Songwriting Analysis: “Death In His Grave” by John Mark McMillan

by Bobby Gilles

in Songwriting/Hymn Workshop

Artwork by Erich Ferdinand, used under Creative Commons license“Death In His Grave” is one of my favorite songs of the last few years. We sing it at Sojourn worship services, and I recommend it to your church. I love the simple melody and the Dylanesque feel. But as you know, here at My Song In The Night we’re all about studying song lyrics, so let’s get to it.
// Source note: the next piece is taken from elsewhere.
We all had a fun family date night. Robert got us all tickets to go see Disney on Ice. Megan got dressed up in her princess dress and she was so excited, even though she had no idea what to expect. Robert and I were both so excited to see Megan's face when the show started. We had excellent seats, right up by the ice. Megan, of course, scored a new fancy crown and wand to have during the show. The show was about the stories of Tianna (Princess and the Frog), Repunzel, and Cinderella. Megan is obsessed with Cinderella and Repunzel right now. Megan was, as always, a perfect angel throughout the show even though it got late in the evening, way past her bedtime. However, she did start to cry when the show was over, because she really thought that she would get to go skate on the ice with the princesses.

When I read that McMillan wrote “Death In His Grave” on the inspiration of Steve Turner’s poem “The Morning That Death Was Killed” and the folk song “Jesse James,” I said “I knew it!” Upon first hearing McMillan’s line:

The man Jesus Christ laid death in His grave

I thought of the Woody Guthrie spinoff of “Jesse James” in my collection, “Jesus Christ,” which includes the phrase:

That dirty little coward called Judas Iscariot
Has laid Jesus Christ in His grave

I’ve written here about Bob Dylan’s use of the work of other songwriters, and of my own borrowings. Study good songs and borrow from them. That’s lesson number one here. Now let’s dive into the “Death In His Grave” lyrics. First, if you’re not familiar with the song, here are the lyrics in entirety. And you can watch John Mark McMillan perform “Death In His Grave” live here:

This is the work of a skilled poet who knows his Bible well.

In the first verse McMillan uses the poetry technique “Personification” for the earth, sun and moon.
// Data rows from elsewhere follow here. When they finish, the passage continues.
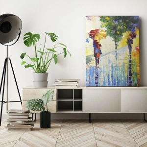Impression sur toile - Image sur toile - Une promenade avec un parapluie dans un paysage pluvieux coloré - 120x80cm - Et tout est clair - Décoration murale moderne pour le salon et la chambre ARTTOR
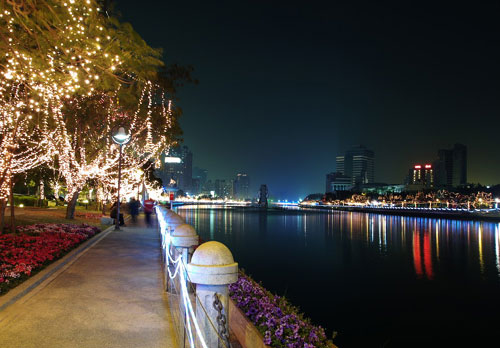 众所周知,目前大陆游客赴台旅游,通常会环岛游上一周,而林尚志理理事长表示,其实高雄市拥有吸引大陆朋友停留两天、尽兴游玩的自信:爱河正逐步打造成为台湾的“塞纳河”,六合夜市被大陆“踩线团”评为全台第一,旗津岛可吃海鲜能戏水,西子湾日落不比阿里山日出差,佛光山闻名遐迩可参禅修心,18条专门开发的特色观光购物街也是应有尽有……“还有很重要的一点,” 林尚志说,“高雄市人民憨厚直爽,热情好客。”
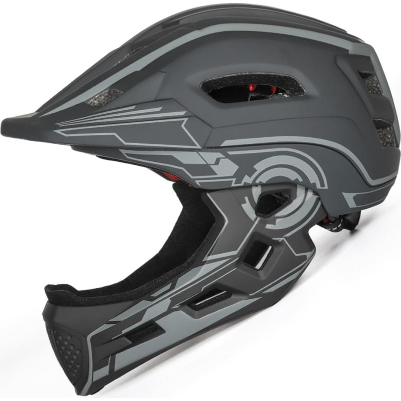 | Wozinsky Kids' Full Face Bike Helmet with USB Rear Light S - Gray The Wozinsky Kids' Full-Face Bicycle Helmet with USB S Rear Light is the perfect solution for young cyclists. This model provides comprehensive head protection, minimizing the risk of injury in the event of a crash. The reinforced full-face design and integrated LED light ensure the highest level of safety. The helmet's lightweight design, adjustable buckles, and stylish design make it both practical and attractive for children. ~ Specification:
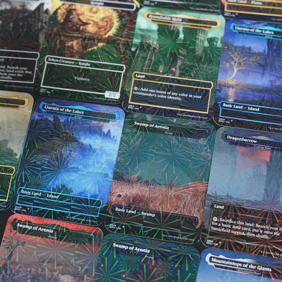 Our custom decks offer a truly unique experience, featuring fully frames, customized artwork, mana symbols, etc... designed to enhance the theme and style of each deck. Every card is meticulously crafted to provide a one-of-a-kind aesthetic while maintaining the quality you expect for seamless gameplay.
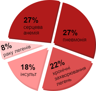 Ми проводимо понад 90% свого часу в приміщенні. Погана новина полягає в тому, що повітря всередині часто до 10 разів забруднене, ніж зовні. Причини загибелі внаслідок забруднення повітря в приміщенні:
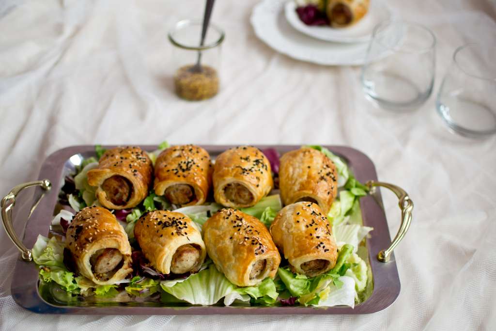 Ciasto francuskie rozwinąć i pokroić na 10 równych prostokątów. Każdy prostokąt posmarować musztardą francuską. Białe kiełbasy przekroić w poprzek na pół. Połówki kiełbasek zawinąć w kawałki ciasta, zlepiając brzegi. Ułożyć na blasze wyłożonej papierem do pieczenia. Posmarować jajkiem rozmieszanym z odrobiną wody. Posypać sezamem, czarnuszką i kminkiem. Piec około 30 minut w temperaturze 200 stopni. […]
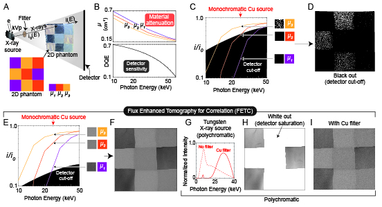 Fig. 1: Overview of the principle of Flux Enhanced Tomography for Correlation (FETC) on a 2D phantom made from polymers with similar X-ray attenuation. Figure adapted from [1].
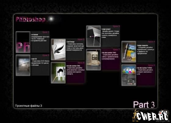Данный диск содержит третий этап (web дизайн) - узнайте все мельчайшие подробности отрисовки успешных баннеров и логотипов, визитных карточек, DVD дисков, книжных обложек и создание дизайна как мини-сайтов, так и крупных Интернет-магазинов.

Personification Definition: When you make an object, animal or idea do something that humans do. In this case, the earth cries out for blood and craves men’s souls, and the sun and moon “turned their heads in disbelief.”
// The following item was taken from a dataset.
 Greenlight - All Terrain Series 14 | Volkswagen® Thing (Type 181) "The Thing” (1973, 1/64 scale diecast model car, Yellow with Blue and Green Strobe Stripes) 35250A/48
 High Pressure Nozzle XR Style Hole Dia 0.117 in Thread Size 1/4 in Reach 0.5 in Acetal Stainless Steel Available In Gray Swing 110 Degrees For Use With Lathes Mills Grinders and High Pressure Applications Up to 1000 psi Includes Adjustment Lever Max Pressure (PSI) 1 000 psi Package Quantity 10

It reminds me of an Anne Steel hymn that Kristen and I are working on, where Steel writes:

Creation cries, “Our Maker bleeds!” The Sun cannot behold the deed.

Other masters of hymnody like Isaac Watts, Charles Wesley and William Cowper also used Personification, as did David and the other Psalmists, and the Old Testament prophets. Modern writers of hymns and praise & worship songs should study this technique.

The Medicine by John Mark McMillan album cover

"Death In His Grave" is on the album "The Medicine"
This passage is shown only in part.